◆ **What is needed**: The required output is the lines below from the line containing "Construction and Appearance." to the line containing "These Korimako rooms", inclusive, retyped exactly. No other lines belong in it.

(Beginning of Supplied material)

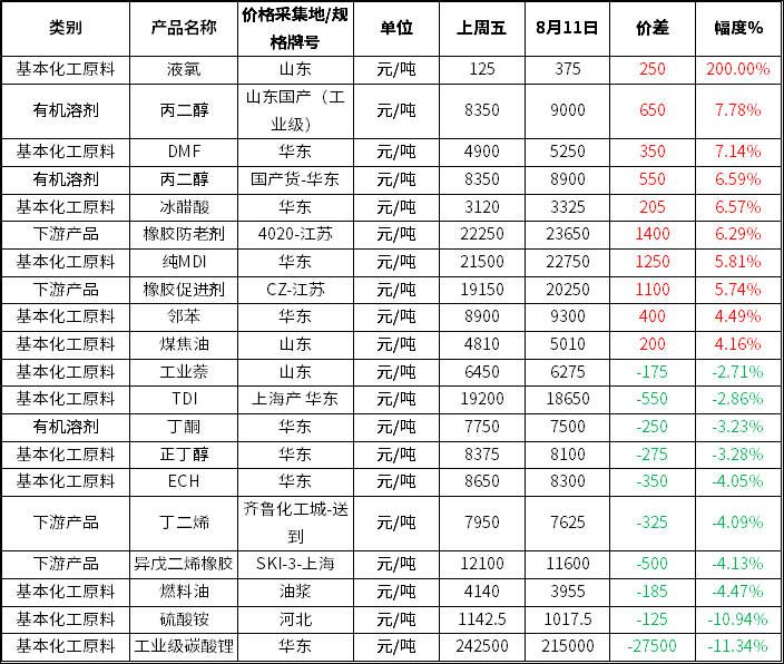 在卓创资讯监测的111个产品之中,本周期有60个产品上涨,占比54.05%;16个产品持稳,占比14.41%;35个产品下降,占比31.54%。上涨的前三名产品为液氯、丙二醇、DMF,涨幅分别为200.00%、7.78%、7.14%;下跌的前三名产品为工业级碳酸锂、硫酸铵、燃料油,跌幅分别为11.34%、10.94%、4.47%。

(End of Supplied material)
(Beginning of Supplied material)

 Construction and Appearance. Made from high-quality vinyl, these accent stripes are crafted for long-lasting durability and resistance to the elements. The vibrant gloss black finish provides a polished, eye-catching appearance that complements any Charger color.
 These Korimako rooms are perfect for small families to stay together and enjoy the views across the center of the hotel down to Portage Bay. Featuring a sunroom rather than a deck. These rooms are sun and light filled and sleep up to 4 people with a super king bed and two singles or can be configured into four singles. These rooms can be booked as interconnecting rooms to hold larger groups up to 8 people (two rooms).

(End of Supplied material)

◆ **Task solution**:
 Construction and Appearance. Made from high-quality vinyl, these accent stripes are crafted for long-lasting durability and resistance to the elements. The vibrant gloss black finish provides a polished, eye-catching appearance that complements any Charger color.
 These Korimako rooms are perfect for small families to stay together and enjoy the views across the center of the hotel down to Portage Bay. Featuring a sunroom rather than a deck. These rooms are sun and light filled and sleep up to 4 people with a super king bed and two singles or can be configured into four singles. These rooms can be booked as interconnecting rooms to hold larger groups up to 8 people (two rooms).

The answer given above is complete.